Ustawa o bezpieczeństwie żywienia i żywności niesie za sobą nie tylko ograniczenia dostępu do niezdrowych produktów, ale co za tym idzie także regulacje finansowe. -Średni koszt jednego obiadu to 2, 80 zł. Czy po opublikowaniu listy produktów, które mają spełniać określone warunki w żywieniu zbiorowym, te koszty nie wzrosną? - zastanawia się dyrektor PSP nr 24.
CO NA TO SKLEPIKARZE?
Nowa ustawa uderza przede wszystkim w szkolnych sklepikarzy, którzy teraz martwią się o swoją przyszłość. Ze szkolnych sklepików, bufetów i automatów wycofana będzie sprzedaż produktów zawierających znaczną ilość składników szkodliwych, takich jak: cukier, tłuszcz (zwłaszcza pochodzenia zwierzęcego), sól czy sód, czyli praktycznie musi zniknąć wszystko, poza wodą i kanapkami. – Na pewno oferty sklepików szkolnych będą musiały ulec dużej zmianie, jestem sam ciekaw jak to będzie, my w szkole będziemy tego przestrzegać, ale co dzieci kupują poza szkołą, na to już nie mamy wpływu. Ja będę chciał, żeby sklepik uczniowski istniał w szkole, ale jak będzie, to zobaczymy – tłumaczy Wojciech Patkowski.
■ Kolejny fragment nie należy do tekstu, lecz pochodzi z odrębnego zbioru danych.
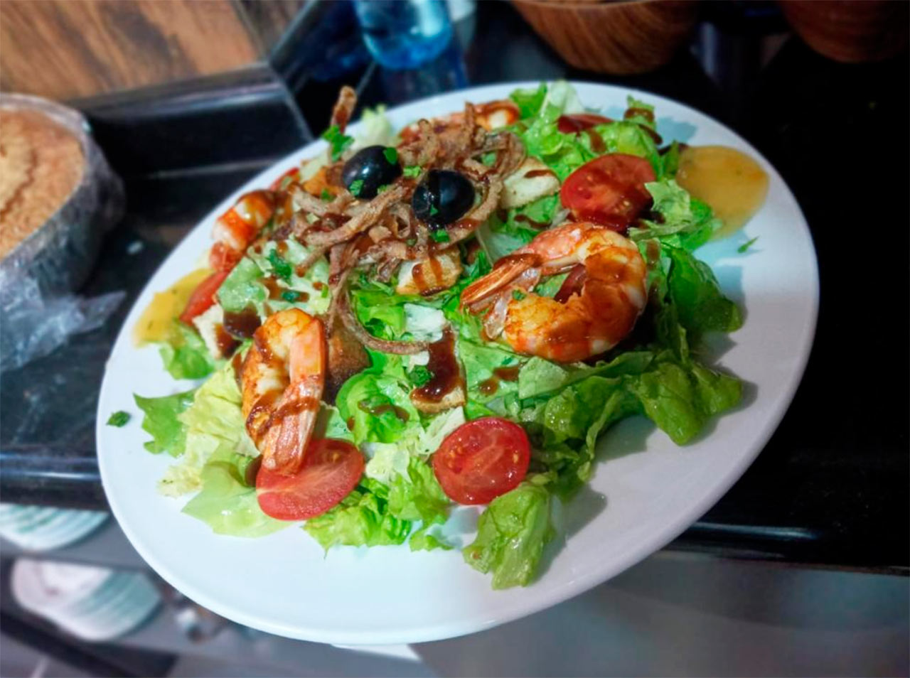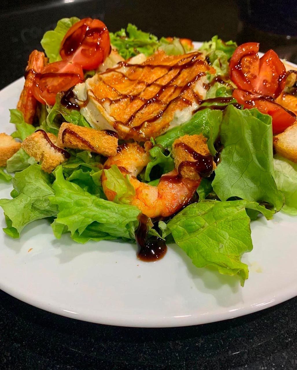 Templada€ 10,00Langostinos, queso de Cabra, tomate Cherry, picatostes y lechuga

W Publicznej Szkole Podstawowej nr 6 działa szkolny sklepik ze sporym asortymentem. Można tam zakupić słodycze i słodkie napoje, gazowane i niegazowane, a także soki. Sklepik jest również zaopatrywany w bułki słodkie oraz kanapki. – Jeżeli w sklepie zostanie sama woda, kanapki i sałatki, to nie wiem jak się utrzymamy. W dodatku płacimy 1000 zł czynszu i prawie 1000 zł ZUS – u - mówią panie ze sklepiku Ania i Lucyna. – Ja ciągnę ten sklep dlatego, że brakuje mi trochę do emerytury, jeżeli pojawi się lista, która będzie mocno ograniczała asortyment, to pewnie będę musiała zrezygnować z prowadzenia sklepiku, bo nie będzie się to opłacało – dodaje pani Ania. Jak przyznają sprzedające, w sklepiku są dostępne także soki naturalne, ale nikt prawie tego nie kupuje. Co prawda schodzi dużo wody mineralnej, ale głównie sprzedają się słodycze i przekąski. – Wiemy doskonale, że jeżeli uczniowie nie kupią u nas, to wyjdą ze szkoły i kupią po sąsiedzku – wyjaśnia pani Lucyna. – Po prostu będzie większe bezrobocie, bo żeby zarobić trzeba czymś handlować.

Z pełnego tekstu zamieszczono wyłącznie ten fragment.